Color in alcohol. Crown dark brown with darker spots on some of the scales; face uniform dark brown; chin is uniform gray black; no spots on antegulars and gulars; throat is gray with some yellow; neck dark brown with dark 3–4 darker bands; trunk mostly uniform with 11 or 12 light spots in a dorsolateral row on each side; dorsal surface of legs uniform brown and gray; posterior thigh with some mottling; ventral surface is yellow with some black intruding laterally, and scattered black spots on the ventral plates; tail is mostly uniform anteriorly, banded distally, but last half missing.

Variation. Lamellae on fourth finger 14–18; lamellae on fourth toe 29–39; total pores 9–21; occipitals at parietal usually one (one specimen has two); upper labials 8–9 (rarely 7), longest usually fourth (rarely the third); lower labials 6–7; chin shields four pairs in all specimens examined; rows of antegulars 9–12; loreal usually longer than frontonasal.

Comparisons. Tupinambis cuzcoensis is the only species discussed here that has the first pair of chin shields equal to or shorter than the postmental.
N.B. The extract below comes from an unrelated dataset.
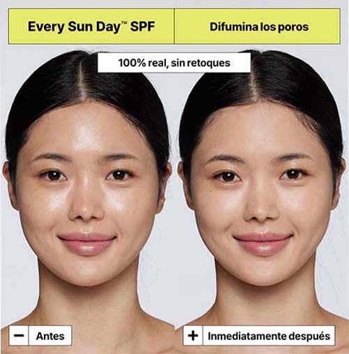 Proporciona hidratação durante todo o dia + Disfarça os poros instantaneamente + Reduz o aspecto de brilho oleoso*

All other species have the first pair of chin shields longer than the postmental. It is also distinctive in having the lowest average number of scales around the mid-body (92.6) and the highest average number of vertebral rows (119). The dorsal pattern is distinctive and consists of transverse bands with a row of dorsolateral spots on each side. The second supraocular is the longest and the largest in area, in the other three species the first supraocular is the longest and the second is the largest in area. The ventral side of the head is uniform in pigmentation.

Distribution. Tupinambis cuzcoensis appears to be relatively widespread in the foothills of the Andes and the western Amazon. In Peru it is known from Quincemil (the type locality), Cuzco at about 750 m and goes to at least 827 m (FMNH 81378 is from Villa Carmen, Peru). In Ecuador it occurs in the vicinity of Canelos, near the Rio Bobanasa at about 200 m and, at Zancudo, Napo, Ecuador at about 600 m. It ranges westward into the Amazon Basin as far as Humaita, Amazonas, Brazil and Cuiaba, Mato Grosso, Brazil.
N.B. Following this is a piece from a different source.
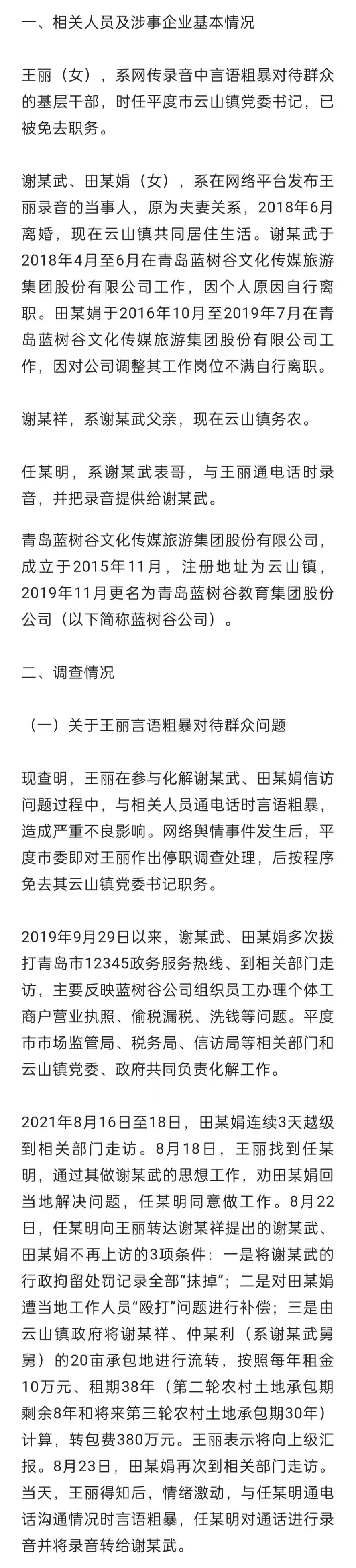 山东省通报平度市云山镇一基层干部言语粗暴对待群众问题调查处理情况

Natural History. Comments on this lizard’s habits can be found in Duellman [45]. He observed it the afternoon along non-forested river banks, and sunning 0.3 m off the ground. He found six arthropods in one stomach (cricket, spiders, beetles, an ant and an orthopteran). He also reports a clutch size of five from a 274 mm SVL female (cited in a paper not seen by us).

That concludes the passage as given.